Published online by Cambridge University Press: 23 March 2020
Stigma towards psychiatry and mental illness significantly worsens the quality of life of psychiatric patients. Negative prejudices in medical students make it difficult for future doctors to send patients to mental health services and promote an increased risk of premature death.
Our aim is to assess stigma towards mental illness and psychiatry in medical students, and to study the influence of real-world experiences, such as having visited a psychiatric ward, having personally met a psychiatric patient or having friends and/or family members who suffer from a mental illness.

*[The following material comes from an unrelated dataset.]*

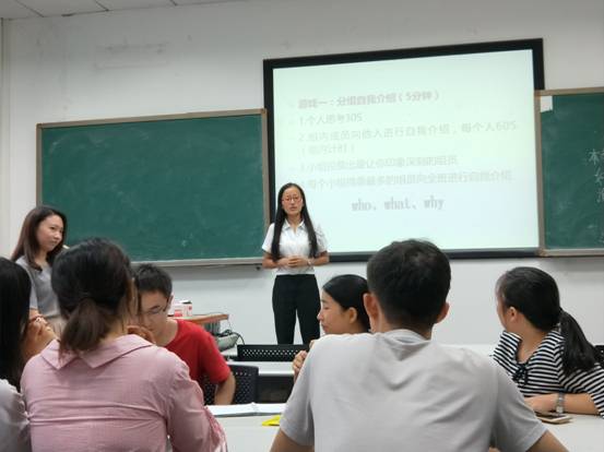 培训从目前学生在就业上常发生的问题为开端,谢老师向大家分析了就业学生普遍存在的不足,并通过2017届毕业生的就业去向统计,结合今年的招聘形势,为大家分析了当前就业形势,引导大家树立正确的就业观念。紧接着,同学们迎来了第一个游戏——自我介绍,小组成员每人可得到60s的介绍时间,之后各小组投票选出本小组印象最深刻的人,在最后向全体成员进行自我介绍。这个游戏既增加了组员之间的相互了解,也是一个临时模拟面试过程,在整个过程期间,同学们都踊跃地向小组成员表现自我,而谢老师也不断地穿梭在每个小组之间,仔细地听着同学们的自我介绍。在60s介绍时间里,谁能更完美地向面试官展示自己,谁获得的机会便越大,因此,谢老师在游戏总结部分要求大家在完整的自我介绍里一定要涉及who、what和why三个方面。
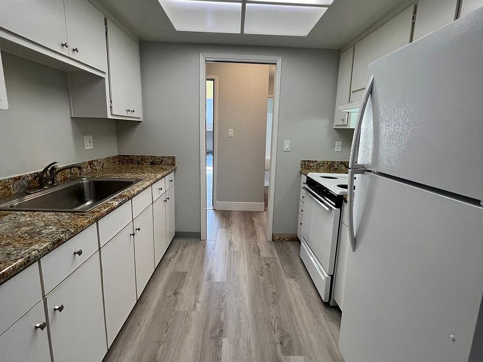 Beautiful remodeled 1 bdrm, 1 bath available in Castro Valley. Unit has newer quartz counters, laminate floors, patio/balcony and lots of closet space. Building is close to Bart, shopping, Castro Valley school district and unit comes with one parking space. Coin-operated on-site laundry available. Please contact our on-site manager, Sergio at (to schedule a time to view the unit. No pets please. Thanks for contacting Godwin Properties! Owner pays water and garbage. One parking space included with rent. Add'l parking available.

One hundred and thirteen Italian medical students completed the following tests:
– Attitudes Towards Psychiatry (ATP-30);
– Community Attitudes Towards Mental Ill (CAMI);
– Perceived Discrimination Devaluation Scale (PDD);
– Baron-Cohen's Empathy Quotient (EQ).
Having visited a psychiatric ward correlates with a better attitude towards psychiatry (P = 0.008), rather than towards the mentally ill. Having personally known someone with mental disorders correlates with less stigmatizing scores in CAMI: total score (P = 0.002), authoritarianism (P < 0.001), benevolence (P = 0.047) and social restriction (P = 0.001). Similar results emerged in those who have close relationships with a psychiatric patient. There is no statistical significance as to empathy.
The students who have visited a psychiatric ward have a less stigmatizing vision of psychiatry, while having personally known psychiatric patients favors a less stigmatizing attitude towards them. Those who have not had this experience, have a more hostile and intolerant vision of mental illness, and consider psychiatric patients as inferior subjects that require coercive attitudes and that would be better to avoid because socially dangerous.
The authors have not supplied their declaration of competing interest.